(Problem to work on): Return, without pictures, the lines from the start of the data through the one that contains "羽田空港から熊本空港へ向かう".

*** Material provided Section Begins ***

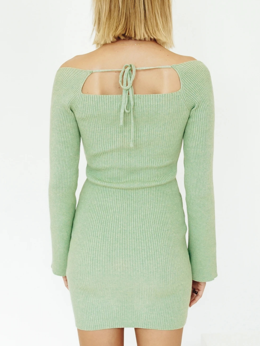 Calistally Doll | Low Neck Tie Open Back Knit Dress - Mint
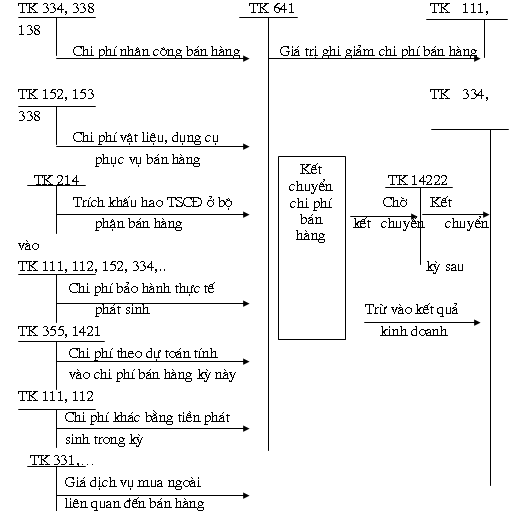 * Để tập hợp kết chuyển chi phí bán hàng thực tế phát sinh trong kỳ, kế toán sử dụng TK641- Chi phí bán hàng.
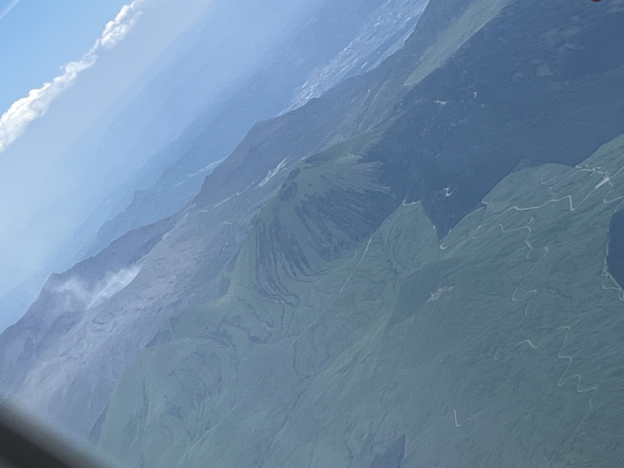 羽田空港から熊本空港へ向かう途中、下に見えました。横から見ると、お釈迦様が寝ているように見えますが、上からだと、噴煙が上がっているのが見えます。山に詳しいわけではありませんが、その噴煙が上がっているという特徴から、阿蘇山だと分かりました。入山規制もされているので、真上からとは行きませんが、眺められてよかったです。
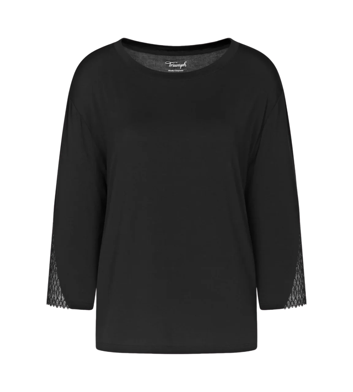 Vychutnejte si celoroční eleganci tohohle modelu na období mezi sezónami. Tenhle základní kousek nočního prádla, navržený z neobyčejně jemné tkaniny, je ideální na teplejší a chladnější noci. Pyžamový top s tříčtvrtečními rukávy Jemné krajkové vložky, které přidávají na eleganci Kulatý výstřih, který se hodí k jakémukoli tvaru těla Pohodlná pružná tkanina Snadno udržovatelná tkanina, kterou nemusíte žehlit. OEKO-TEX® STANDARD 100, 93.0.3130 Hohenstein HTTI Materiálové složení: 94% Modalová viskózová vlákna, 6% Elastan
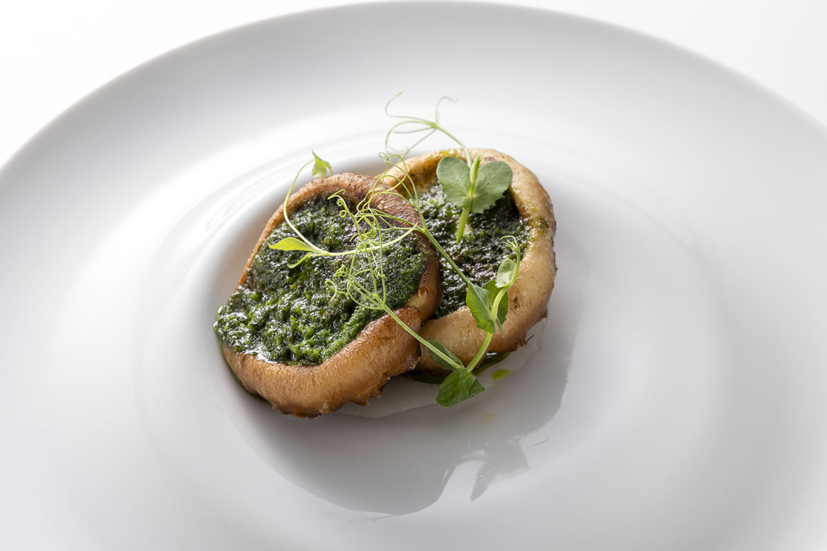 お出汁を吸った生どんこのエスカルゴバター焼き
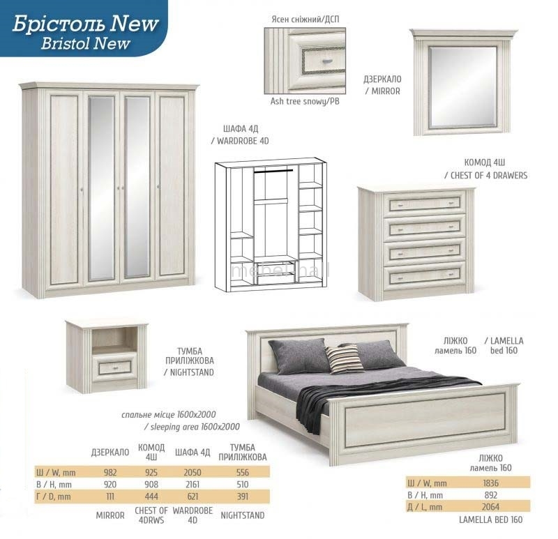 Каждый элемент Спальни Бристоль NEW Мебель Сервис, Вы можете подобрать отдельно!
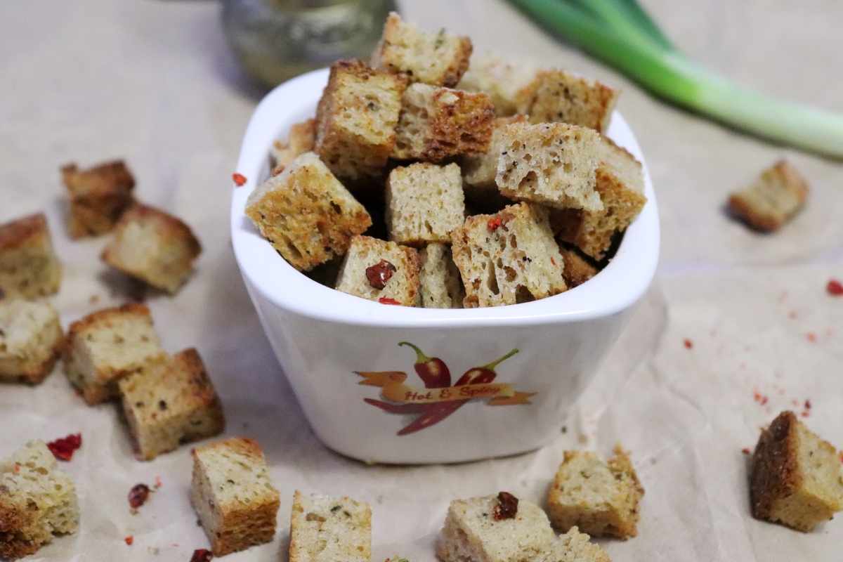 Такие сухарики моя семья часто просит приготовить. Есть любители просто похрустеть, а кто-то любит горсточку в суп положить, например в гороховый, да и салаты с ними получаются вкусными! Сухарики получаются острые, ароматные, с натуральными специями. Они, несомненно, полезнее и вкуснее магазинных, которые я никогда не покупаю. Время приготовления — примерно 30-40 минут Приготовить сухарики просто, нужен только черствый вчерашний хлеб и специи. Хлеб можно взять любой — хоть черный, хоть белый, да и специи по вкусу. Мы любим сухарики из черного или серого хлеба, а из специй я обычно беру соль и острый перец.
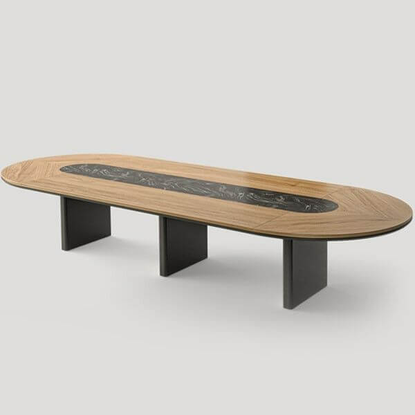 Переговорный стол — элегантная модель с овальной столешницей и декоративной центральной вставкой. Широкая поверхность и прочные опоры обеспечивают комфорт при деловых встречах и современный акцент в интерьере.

*** Material provided Section Ends ***

(Solution for this problem):
 Calistally Doll | Low Neck Tie Open Back Knit Dress - Mint
 * Để tập hợp kết chuyển chi phí bán hàng thực tế phát sinh trong kỳ, kế toán sử dụng TK641- Chi phí bán hàng.
 羽田空港から熊本空港へ向かう途中、下に見えました。横から見ると、お釈迦様が寝ているように見えますが、上からだと、噴煙が上がっているのが見えます。山に詳しいわけではありませんが、その噴煙が上がっているという特徴から、阿蘇山だと分かりました。入山規制もされているので、真上からとは行きませんが、眺められてよかったです。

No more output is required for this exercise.